** Data records follows **
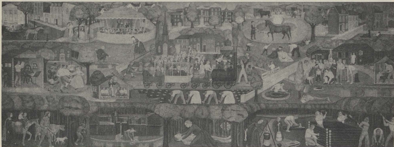
The central section of the Memorial Hall mural.
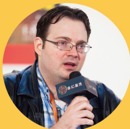
Brandon Sanderson Author, USA
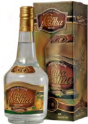
PWI351 PEAR BRANDY
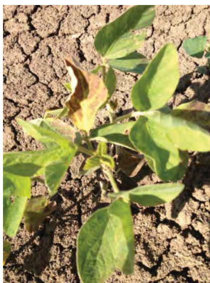
Figure 5-7. Phosphorus deficiency – stunted plant with reddish interveinal coloration of lower leaves.

Phosphorus deficiency of soybeans occurs much less frequently than K deficiency. The deficiency symptoms exhibited by P-deficient soybean plants are usually subtle in that the plants have small leaves and an overall unthrifty appearance. In some instances, P-deficient plants may exhibit an interveinal reddening on the lower leaves (Fig. 5-7).
** End of Data records **
# Task prompt
Filter the data above by the word "leaves" and copy every line that matches.

# Final answer
Figure 5-7. Phosphorus deficiency – stunted plant with reddish interveinal coloration of lower leaves.
Phosphorus deficiency of soybeans occurs much less frequently than K deficiency. The deficiency symptoms exhibited by P-deficient soybean plants are usually subtle in that the plants have small leaves and an overall unthrifty appearance. In some instances, P-deficient plants may exhibit an interveinal reddening on the lower leaves (Fig. 5-7).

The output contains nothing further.